> [Task] Return an exact copy of the data, starting at its first line and ending at the line that contains "Ручной столярный инструмент.", minus any pictures.
*** Data records Section Begins ***
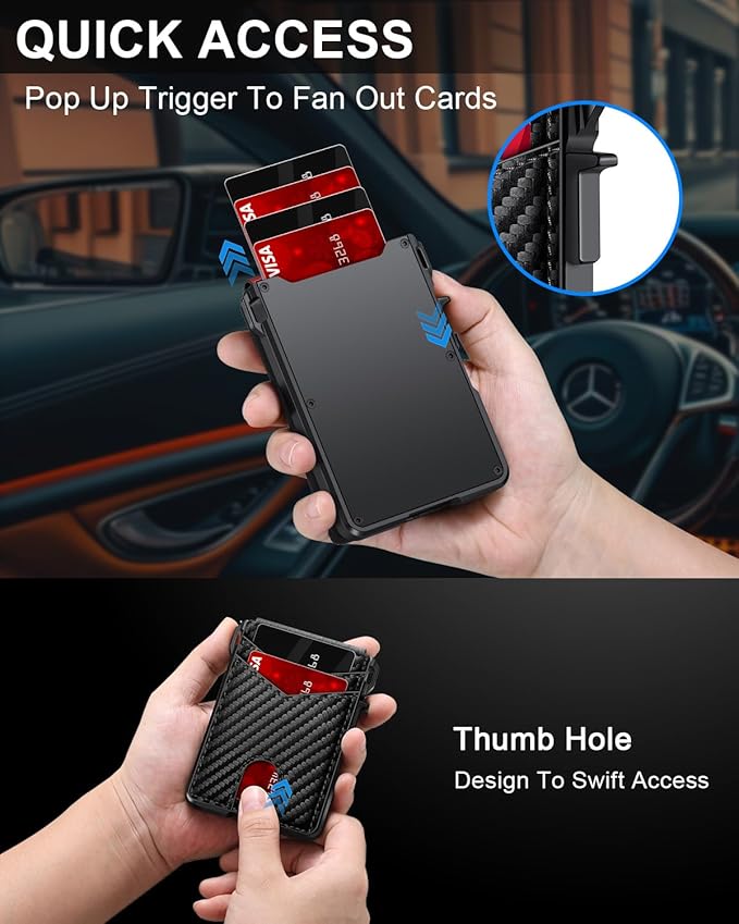 - QUICK ACCESS: Unlike traditional leather wallet, this mens slim wallet is equipped with the ejection mechanism. Simply press the side button on the card holder, all cards pop up at a step pattern that makes them very easy & convenient to take out.
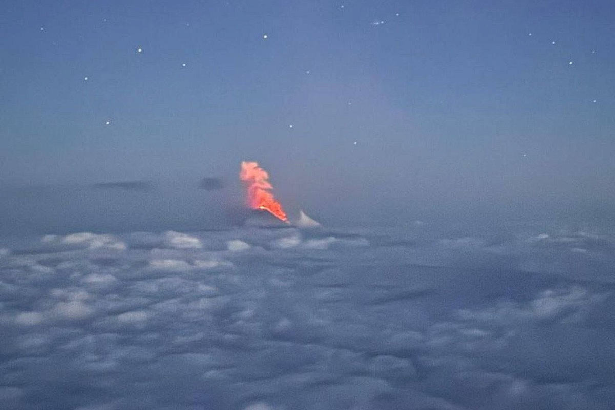 свечение кратера и серию взрывных выбросов. Одновременно вулкан выбросил пепловый столб на высоту 3 километра, шлейф которого протянулся на 58
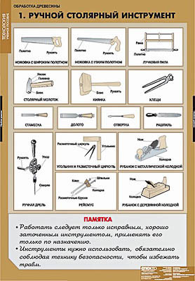Ручной столярный инструмент. Устройство столярного верстака. Типы графических изображений. Чтение чертежа. Технологическая карта. Разметка заготовок. Строгание, сверление, долбление. Пиление, выпиливание, зачистка. Сборка изделий. Токарный и сверлильный станки. Правила поведения в мастерских. CD диск.
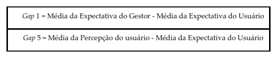 3: cálculo dos gaps 1 e 5]A busca identificar os gaps mais críticos, ou seja, aqueles em que a percepção de qualidade do gestor seja inferior à percepção por parte do cliente. Após a identificação das dimensões e atributos mais críticos, são elaboradas estratégias a partir de debates com os gestores e os especialistas da área, visando a melhoria da qualidade deste serviço de uma forma geral. A Figura 1 apresenta as etapas do método e suas respectivas atividades.
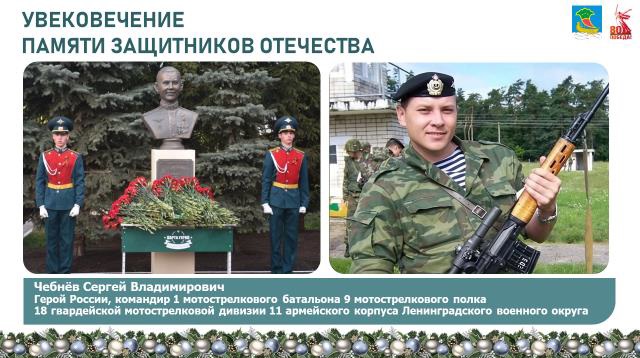«За мужество и героизм, проявленные в ходе выполнения боевых задач в зоне специальной военной операции, наши воины удостоены высоких государственных наград. К сожалению, среди них есть и погибшие воины. Их имена навечно внесены на стену у мемориала «Родина-мать» у Вечного огня. Высокое звание Героя России присвоено нашему земляку Сергею Чебневу, который ценой своей жизни спас сотни своих сослуживцев. В память о подвиге Героя на Аллее Славы парка Победы и в школе 56, где учился Сергей, установлен бюст».
*** Data records Section Ends ***
> [Solution to this task]
 - QUICK ACCESS: Unlike traditional leather wallet, this mens slim wallet is equipped with the ejection mechanism. Simply press the side button on the card holder, all cards pop up at a step pattern that makes them very easy & convenient to take out.
 свечение кратера и серию взрывных выбросов. Одновременно вулкан выбросил пепловый столб на высоту 3 километра, шлейф которого протянулся на 58
Ручной столярный инструмент. Устройство столярного верстака. Типы графических изображений. Чтение чертежа. Технологическая карта. Разметка заготовок. Строгание, сверление, долбление. Пиление, выпиливание, зачистка. Сборка изделий. Токарный и сверлильный станки. Правила поведения в мастерских. CD диск.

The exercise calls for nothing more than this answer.